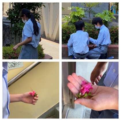 3組の理科では、校門に咲いているサツキツツジを採集し、標本を作成しています。
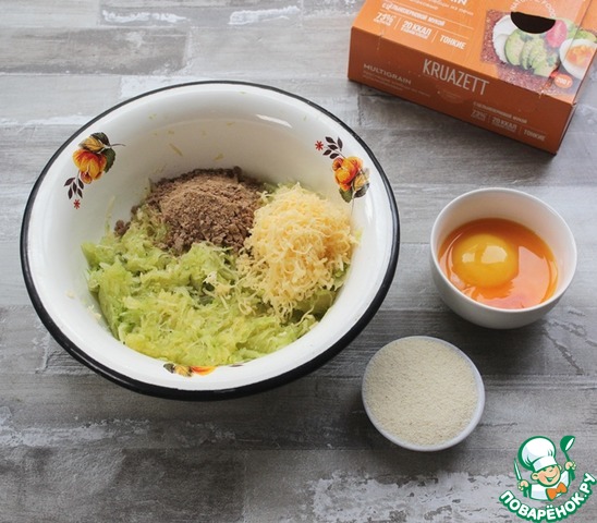 Кабачки натрите на средней терке, жидкость от кабачков слейте.
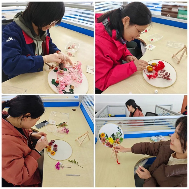 整個過程中,大家相互交流團扇制作的細節,彼此欣賞夸贊,綻放出喜悅的笑臉。活動最后,大家聚在一起將做好的團扇展示拍照,共同合影留念,此次活動也在一片歡聲笑語的氣氛中圓滿結束。
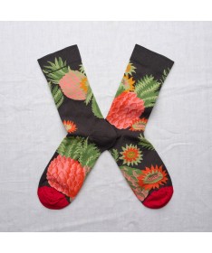 Les chaussettes Bonne Maison sont en coton égyptien pour les pieds fragiles. Leur fil double est chaud et lisse pour éviter les bouloches. Leur maille est fine pour le confort et la précision des motifs. Dessinées par Béatrice Crécy, ces chaussettes racontent des histoires aux univers tantôt poétiques tantôt farfelues. Chaque collection a son propre univers aux couleurs subtilement associées pour attiser notre œil, envelopper nos pieds de bonheur et faire pétiller nos tenues.
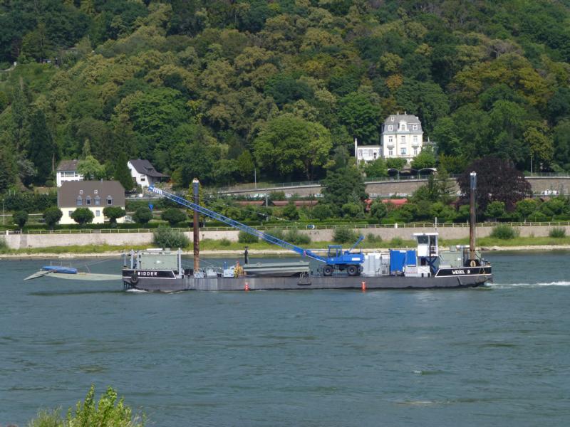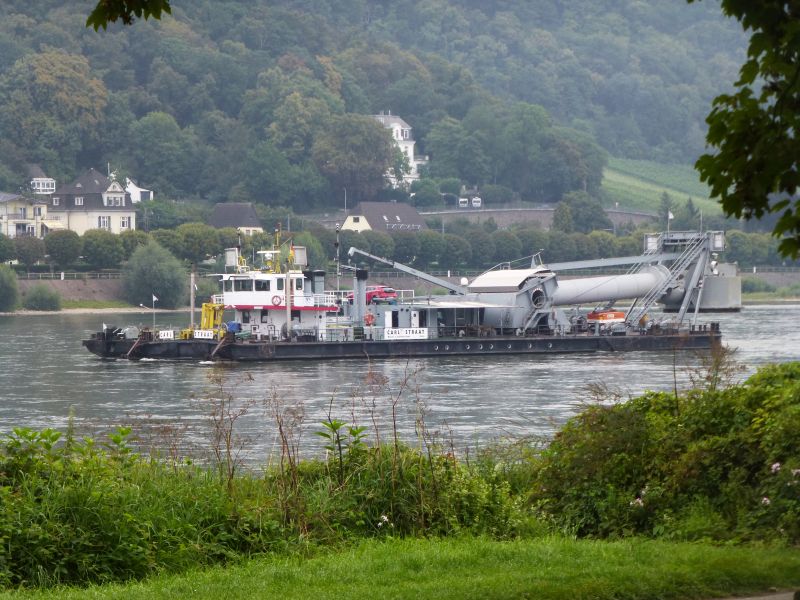 Das Tauchglockenschiff Carl Straat am 29.8.2023 zu Tal vor Bonn-Mehlem. Vermutlich war es auf dem Weg nach Duisburg, wo es jetzt als technisches Denkmal zu sehen ist.
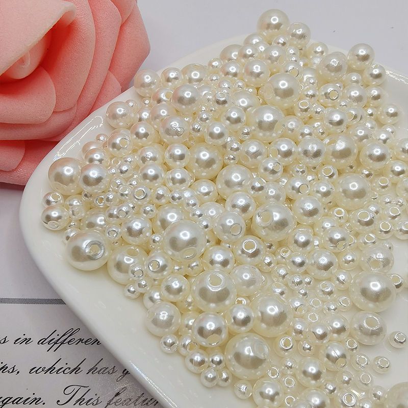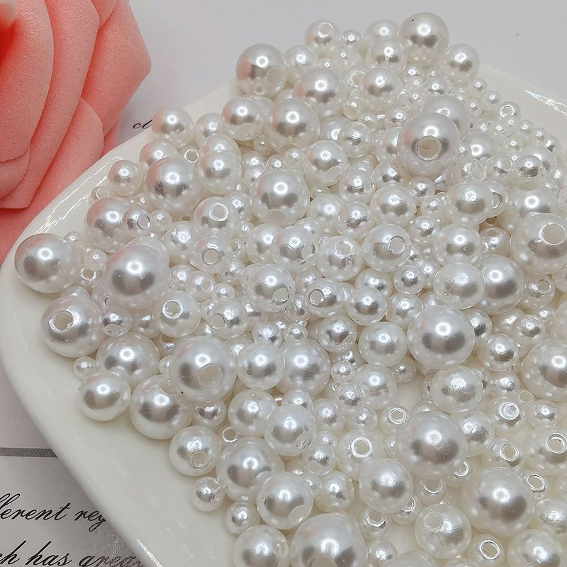 ABS有孔混装彩色仿珍珠散珠手工串珠DIY材料鞋服衣帽手链饰品配件

What needs to be done: Leave out the pictures, and retype exactly the lines from the one containing "Das Tauchglockenschiff Carl" through the last line of the data above, no more and no less.

Completed task:
 Das Tauchglockenschiff Carl Straat am 29.8.2023 zu Tal vor Bonn-Mehlem. Vermutlich war es auf dem Weg nach Duisburg, wo es jetzt als technisches Denkmal zu sehen ist.
 ABS有孔混装彩色仿珍珠散珠手工串珠DIY材料鞋服衣帽手链饰品配件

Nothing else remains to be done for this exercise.